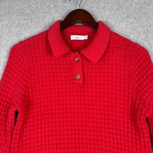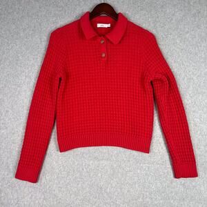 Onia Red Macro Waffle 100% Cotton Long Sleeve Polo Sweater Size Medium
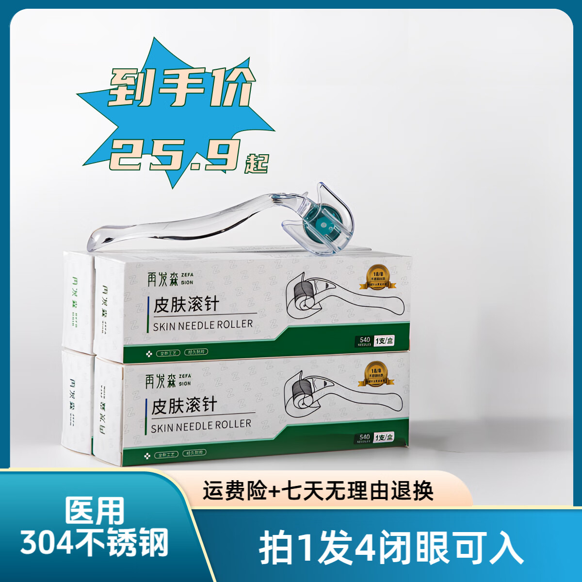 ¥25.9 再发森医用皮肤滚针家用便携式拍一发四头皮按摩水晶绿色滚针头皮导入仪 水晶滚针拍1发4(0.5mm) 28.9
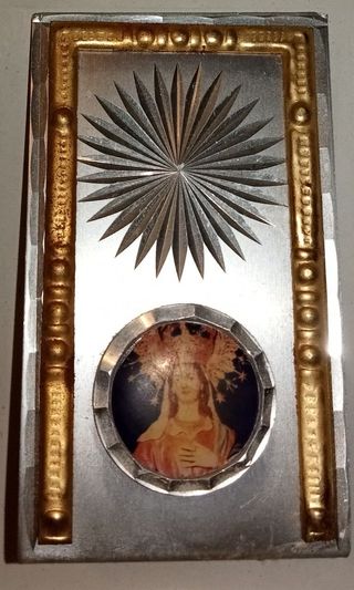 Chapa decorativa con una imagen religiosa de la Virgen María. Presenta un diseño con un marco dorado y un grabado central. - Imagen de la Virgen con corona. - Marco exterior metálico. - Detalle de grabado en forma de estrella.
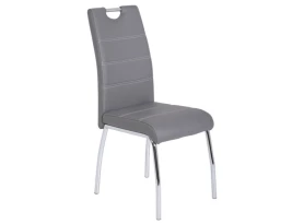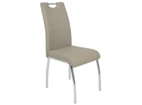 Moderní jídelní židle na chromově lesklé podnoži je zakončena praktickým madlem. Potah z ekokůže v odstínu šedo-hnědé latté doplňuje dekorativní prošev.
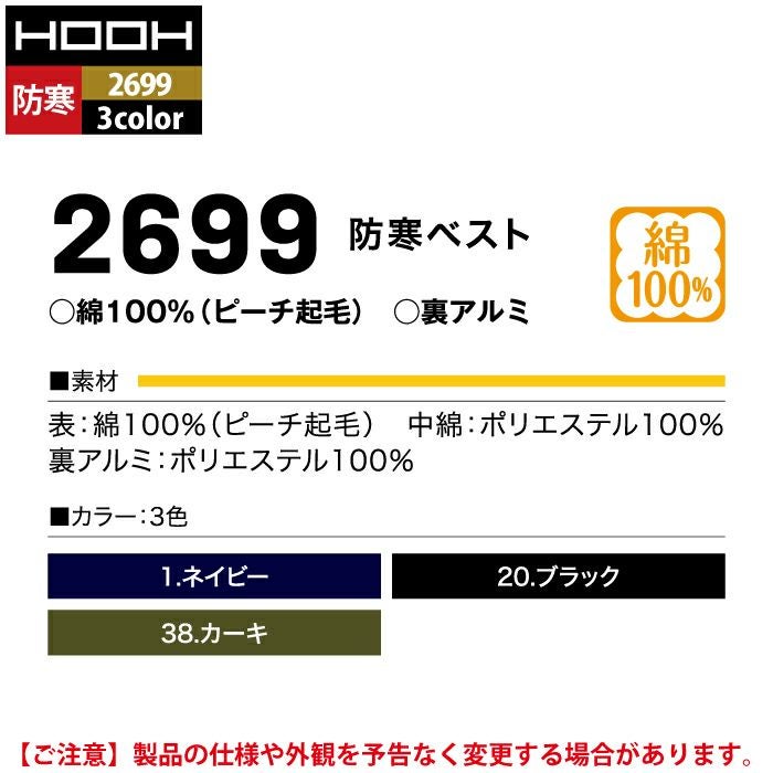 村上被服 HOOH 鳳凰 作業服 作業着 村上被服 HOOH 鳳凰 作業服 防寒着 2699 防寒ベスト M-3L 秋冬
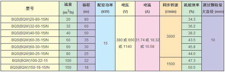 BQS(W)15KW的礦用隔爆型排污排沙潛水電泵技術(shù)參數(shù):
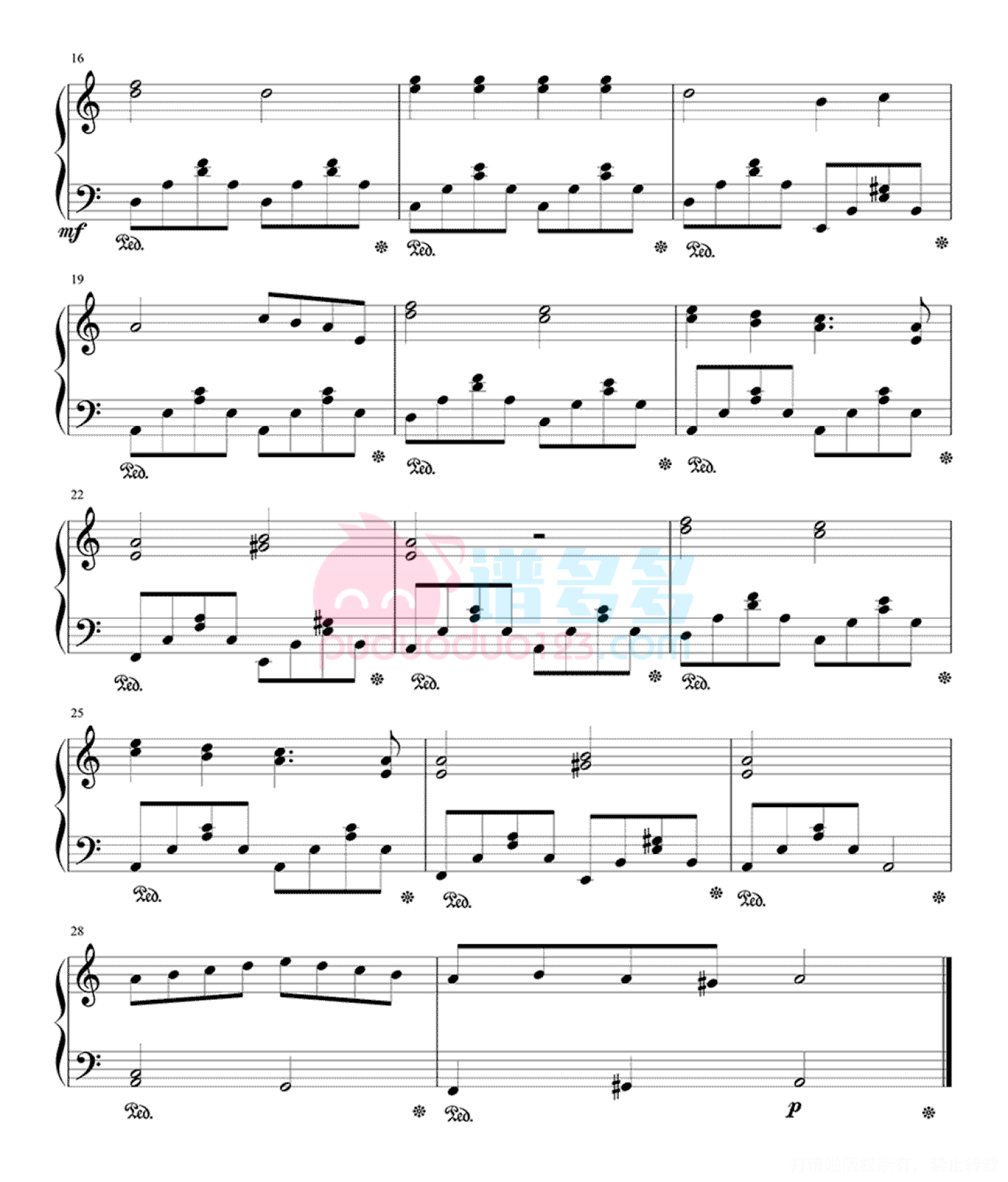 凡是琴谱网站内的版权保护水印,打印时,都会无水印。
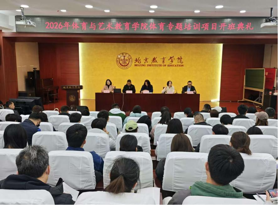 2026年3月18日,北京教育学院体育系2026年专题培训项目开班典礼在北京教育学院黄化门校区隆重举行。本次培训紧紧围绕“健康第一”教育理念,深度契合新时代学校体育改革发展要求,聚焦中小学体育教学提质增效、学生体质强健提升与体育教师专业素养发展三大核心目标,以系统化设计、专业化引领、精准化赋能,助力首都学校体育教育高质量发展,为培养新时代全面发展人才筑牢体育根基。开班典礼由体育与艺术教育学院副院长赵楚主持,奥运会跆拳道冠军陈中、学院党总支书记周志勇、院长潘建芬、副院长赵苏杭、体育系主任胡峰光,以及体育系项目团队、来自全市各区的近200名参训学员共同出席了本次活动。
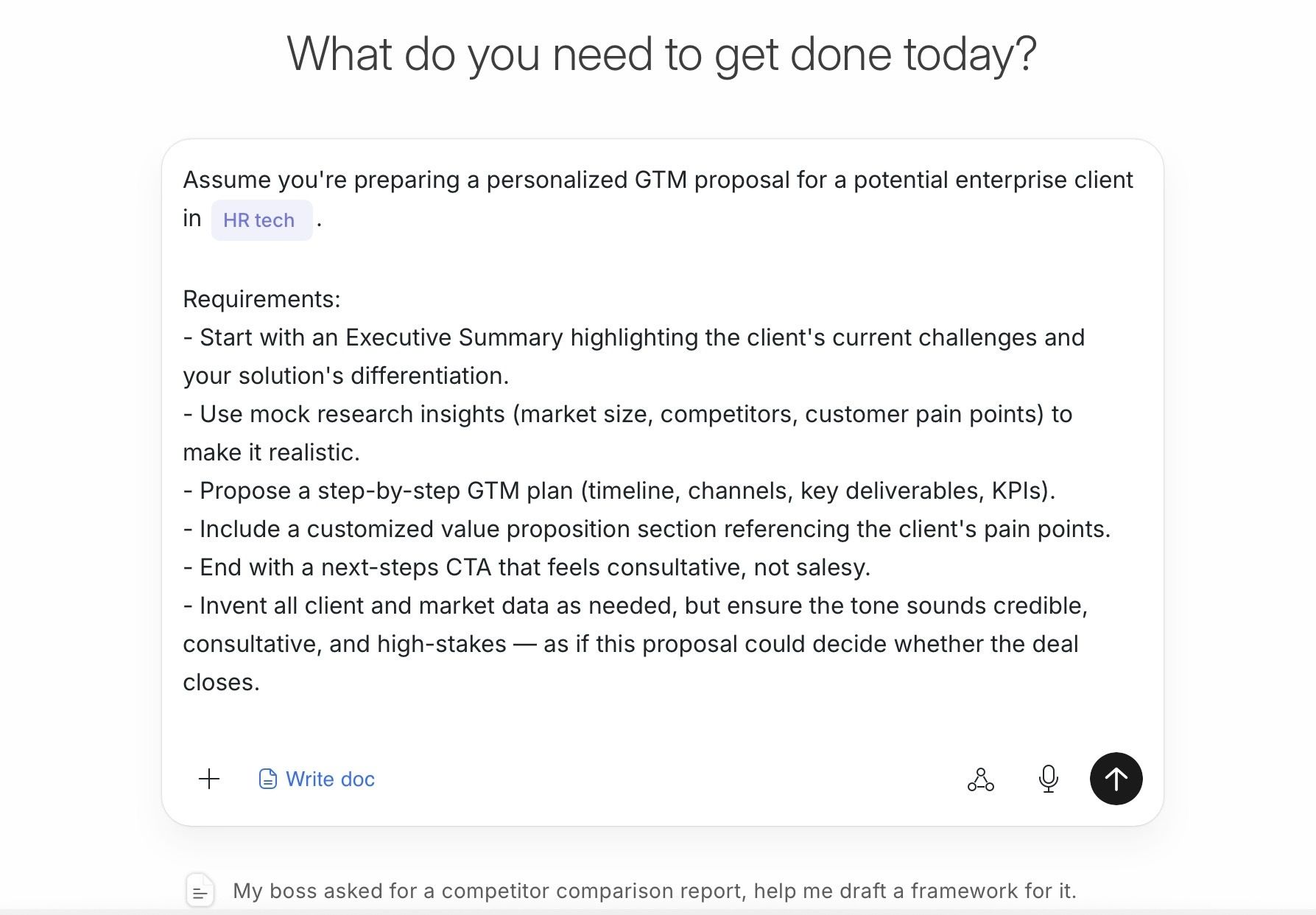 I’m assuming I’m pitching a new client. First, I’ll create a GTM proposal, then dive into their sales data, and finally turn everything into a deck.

== Goal of the exercise ==
Retype the whole listing. Keep every word exact but include no pictures.

== Output of the task ==
 Onia Red Macro Waffle 100% Cotton Long Sleeve Polo Sweater Size Medium
 ¥25.9 再发森医用皮肤滚针家用便携式拍一发四头皮按摩水晶绿色滚针头皮导入仪 水晶滚针拍1发4(0.5mm) 28.9
 Chapa decorativa con una imagen religiosa de la Virgen María. Presenta un diseño con un marco dorado y un grabado central. - Imagen de la Virgen con corona. - Marco exterior metálico. - Detalle de grabado en forma de estrella.
 Moderní jídelní židle na chromově lesklé podnoži je zakončena praktickým madlem. Potah z ekokůže v odstínu šedo-hnědé latté doplňuje dekorativní prošev.
 村上被服 HOOH 鳳凰 作業服 作業着 村上被服 HOOH 鳳凰 作業服 防寒着 2699 防寒ベスト M-3L 秋冬
 BQS(W)15KW的礦用隔爆型排污排沙潛水電泵技術(shù)參數(shù):
 凡是琴谱网站内的版权保护水印,打印时,都会无水印。
 2026年3月18日,北京教育学院体育系2026年专题培训项目开班典礼在北京教育学院黄化门校区隆重举行。本次培训紧紧围绕“健康第一”教育理念,深度契合新时代学校体育改革发展要求,聚焦中小学体育教学提质增效、学生体质强健提升与体育教师专业素养发展三大核心目标,以系统化设计、专业化引领、精准化赋能,助力首都学校体育教育高质量发展,为培养新时代全面发展人才筑牢体育根基。开班典礼由体育与艺术教育学院副院长赵楚主持,奥运会跆拳道冠军陈中、学院党总支书记周志勇、院长潘建芬、副院长赵苏杭、体育系主任胡峰光,以及体育系项目团队、来自全市各区的近200名参训学员共同出席了本次活动。
 I’m assuming I’m pitching a new client. First, I’ll create a GTM proposal, then dive into their sales data, and finally turn everything into a deck.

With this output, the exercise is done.